Why It Matters: The First-Mover Myth

MySpace is not an isolated case. Friendster came before MySpace and lost to it through almost identical dynamics: product quality eroded by scale, leadership that didn’t take the threat seriously, and a latecomer that studied the incumbent’s failures carefully before building.

Altavista was a genuinely excellent search engine in the late 1990s. Google arrived years later and won by doing one thing, relevance, noticeably better. Blackberry had the enterprise smartphone market locked up until they didn’t. Napster invented digital music distribution and went to zero while iTunes and Spotify built real businesses on the problem Napster proved was real.

The pattern is consistent enough to treat as a rule: being first gets you a head start and a learning advantage, but it does not get you the market. The market goes to whoever builds the best product for the most important customer segment at the moment those customers are ready to switch.

That last part matters. MySpace didn’t lose because Facebook was objectively better in 2005. It lost because Facebook was better when the mainstream internet population started paying attention to social networking as a serious part of their lives, which happened around 2007 and 2008. By then the quality gap was obvious and the switching cost was low enough.

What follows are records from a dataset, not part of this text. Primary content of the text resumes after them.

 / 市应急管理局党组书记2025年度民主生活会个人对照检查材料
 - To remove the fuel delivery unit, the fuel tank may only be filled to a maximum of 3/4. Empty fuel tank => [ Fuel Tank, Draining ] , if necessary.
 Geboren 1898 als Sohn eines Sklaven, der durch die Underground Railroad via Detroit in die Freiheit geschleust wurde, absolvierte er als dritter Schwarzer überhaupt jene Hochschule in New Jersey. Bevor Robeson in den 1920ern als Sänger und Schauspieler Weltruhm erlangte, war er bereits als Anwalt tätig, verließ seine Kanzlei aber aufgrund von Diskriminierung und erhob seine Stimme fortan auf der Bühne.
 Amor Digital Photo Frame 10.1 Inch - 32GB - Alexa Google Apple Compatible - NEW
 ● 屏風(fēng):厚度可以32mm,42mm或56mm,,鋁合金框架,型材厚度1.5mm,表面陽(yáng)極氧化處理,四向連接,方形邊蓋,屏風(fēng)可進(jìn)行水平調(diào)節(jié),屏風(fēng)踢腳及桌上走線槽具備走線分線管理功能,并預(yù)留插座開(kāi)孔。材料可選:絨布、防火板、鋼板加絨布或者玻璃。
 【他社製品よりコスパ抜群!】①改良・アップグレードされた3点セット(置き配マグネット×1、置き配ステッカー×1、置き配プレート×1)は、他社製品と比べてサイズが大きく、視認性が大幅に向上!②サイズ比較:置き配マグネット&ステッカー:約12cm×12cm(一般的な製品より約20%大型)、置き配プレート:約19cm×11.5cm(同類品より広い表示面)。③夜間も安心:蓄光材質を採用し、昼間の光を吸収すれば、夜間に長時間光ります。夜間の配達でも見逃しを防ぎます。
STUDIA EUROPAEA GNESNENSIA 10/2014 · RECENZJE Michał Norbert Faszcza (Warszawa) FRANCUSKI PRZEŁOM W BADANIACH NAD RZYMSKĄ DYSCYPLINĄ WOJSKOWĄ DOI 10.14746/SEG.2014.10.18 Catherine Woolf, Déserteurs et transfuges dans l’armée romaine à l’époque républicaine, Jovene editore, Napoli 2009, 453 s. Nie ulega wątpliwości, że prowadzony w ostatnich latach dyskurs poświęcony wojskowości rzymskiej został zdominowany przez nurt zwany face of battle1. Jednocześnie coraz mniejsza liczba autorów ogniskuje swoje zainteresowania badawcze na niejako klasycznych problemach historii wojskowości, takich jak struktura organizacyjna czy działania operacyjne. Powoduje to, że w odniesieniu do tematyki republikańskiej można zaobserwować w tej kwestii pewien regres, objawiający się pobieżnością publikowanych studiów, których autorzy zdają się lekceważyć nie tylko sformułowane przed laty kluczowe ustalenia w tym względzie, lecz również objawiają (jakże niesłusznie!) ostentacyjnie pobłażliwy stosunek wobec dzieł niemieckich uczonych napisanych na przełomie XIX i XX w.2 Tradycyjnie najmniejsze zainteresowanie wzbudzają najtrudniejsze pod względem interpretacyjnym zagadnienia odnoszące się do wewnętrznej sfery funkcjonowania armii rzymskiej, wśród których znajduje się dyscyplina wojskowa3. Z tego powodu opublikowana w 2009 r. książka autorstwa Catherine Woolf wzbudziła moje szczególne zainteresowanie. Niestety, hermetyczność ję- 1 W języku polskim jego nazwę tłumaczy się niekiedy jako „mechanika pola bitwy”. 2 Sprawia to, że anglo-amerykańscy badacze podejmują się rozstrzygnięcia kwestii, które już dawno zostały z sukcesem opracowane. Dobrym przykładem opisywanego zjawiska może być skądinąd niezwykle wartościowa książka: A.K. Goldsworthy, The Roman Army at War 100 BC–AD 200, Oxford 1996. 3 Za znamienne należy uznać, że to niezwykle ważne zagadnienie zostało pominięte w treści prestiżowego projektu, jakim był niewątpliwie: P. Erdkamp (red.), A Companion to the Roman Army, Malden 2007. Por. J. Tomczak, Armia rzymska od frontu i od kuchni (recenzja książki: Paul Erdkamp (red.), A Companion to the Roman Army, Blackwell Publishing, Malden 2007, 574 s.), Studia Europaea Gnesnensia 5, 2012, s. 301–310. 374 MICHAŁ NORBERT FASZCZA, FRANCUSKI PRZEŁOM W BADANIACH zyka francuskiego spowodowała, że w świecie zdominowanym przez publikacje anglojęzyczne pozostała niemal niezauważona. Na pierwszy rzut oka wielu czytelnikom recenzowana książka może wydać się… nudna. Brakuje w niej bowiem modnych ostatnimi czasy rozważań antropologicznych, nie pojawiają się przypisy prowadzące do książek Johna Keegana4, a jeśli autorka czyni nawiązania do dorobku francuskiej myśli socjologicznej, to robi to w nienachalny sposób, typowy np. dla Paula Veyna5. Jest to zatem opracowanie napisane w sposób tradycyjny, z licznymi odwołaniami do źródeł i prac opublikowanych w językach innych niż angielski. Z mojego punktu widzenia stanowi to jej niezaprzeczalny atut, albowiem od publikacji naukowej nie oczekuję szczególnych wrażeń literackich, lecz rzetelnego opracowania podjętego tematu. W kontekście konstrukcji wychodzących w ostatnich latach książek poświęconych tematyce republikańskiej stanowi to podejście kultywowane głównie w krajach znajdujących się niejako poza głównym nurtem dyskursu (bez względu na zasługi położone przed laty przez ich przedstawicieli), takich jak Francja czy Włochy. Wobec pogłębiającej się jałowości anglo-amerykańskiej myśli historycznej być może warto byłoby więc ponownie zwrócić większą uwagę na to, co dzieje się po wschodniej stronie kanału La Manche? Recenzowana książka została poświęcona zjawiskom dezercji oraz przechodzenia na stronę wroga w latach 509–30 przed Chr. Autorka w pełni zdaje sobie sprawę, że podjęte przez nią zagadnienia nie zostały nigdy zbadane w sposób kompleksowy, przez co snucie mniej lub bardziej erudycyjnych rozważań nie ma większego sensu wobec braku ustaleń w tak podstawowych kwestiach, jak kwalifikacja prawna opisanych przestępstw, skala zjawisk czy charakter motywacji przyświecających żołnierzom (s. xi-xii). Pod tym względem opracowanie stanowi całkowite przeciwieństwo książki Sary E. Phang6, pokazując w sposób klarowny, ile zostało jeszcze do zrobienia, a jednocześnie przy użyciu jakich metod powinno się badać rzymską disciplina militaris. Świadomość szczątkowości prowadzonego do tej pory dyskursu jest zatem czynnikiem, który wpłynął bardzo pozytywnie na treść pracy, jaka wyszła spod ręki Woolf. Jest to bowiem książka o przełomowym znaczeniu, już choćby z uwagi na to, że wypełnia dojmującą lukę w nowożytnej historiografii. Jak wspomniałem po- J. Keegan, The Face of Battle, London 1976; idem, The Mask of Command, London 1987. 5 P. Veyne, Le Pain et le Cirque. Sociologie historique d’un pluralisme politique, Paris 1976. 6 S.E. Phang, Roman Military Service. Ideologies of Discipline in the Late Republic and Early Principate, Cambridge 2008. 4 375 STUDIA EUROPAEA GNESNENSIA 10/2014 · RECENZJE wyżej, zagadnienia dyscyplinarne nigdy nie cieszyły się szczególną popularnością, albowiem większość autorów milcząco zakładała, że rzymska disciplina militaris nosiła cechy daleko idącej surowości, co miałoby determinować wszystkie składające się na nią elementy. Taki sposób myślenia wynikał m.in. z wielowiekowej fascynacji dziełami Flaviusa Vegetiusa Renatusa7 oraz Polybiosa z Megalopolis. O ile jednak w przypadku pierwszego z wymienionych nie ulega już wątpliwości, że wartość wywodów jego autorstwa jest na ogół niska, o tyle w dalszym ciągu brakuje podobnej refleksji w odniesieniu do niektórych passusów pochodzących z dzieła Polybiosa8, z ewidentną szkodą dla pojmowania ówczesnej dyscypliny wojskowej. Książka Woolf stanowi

This is also why the common advice to “move fast and be first” is, at best, incomplete. Moving fast matters. But fast to what? Fast to a product that actually works, or fast to claiming a space before you know what to build in it? As discussed in the context of early customer strategy, the pressure to scale before you’ve found real product-market fit can entrench exactly the wrong habits.

What We Can Learn

The founders who study MySpace usually take the wrong lesson. They conclude that MySpace lost because of bad management, corporate interference, or a failure to innovate. These things are true. But they’re symptoms.

The root cause is that MySpace believed its position was self-reinforcing in a way that didn’t require continued execution excellence. The moment a company stops treating its users as people who could leave, it starts losing them.

For founders, the practical implication runs in both directions. If you’re first: your real advantage is the information you’ve gathered, the mistakes you’ve already made, and the customer relationships you’ve built. None of those advantages last if you stop using them. The lead is not the moat.

If you’re second: study what the incumbent built and why. The first mover’s early decisions were made under uncertainty with limited resources. Many of those decisions are now wrong and locked in. You can build with the benefit of their mistakes and without their technical debt or organizational inertia. That’s a real advantage if you’re disciplined about using it.

Facebook didn’t win because it arrived late. It won because it arrived with better information, better timing, and a genuine conviction about what a social network was supposed to feel like. MySpace handed it that opportunity by confusing a head start with a destination.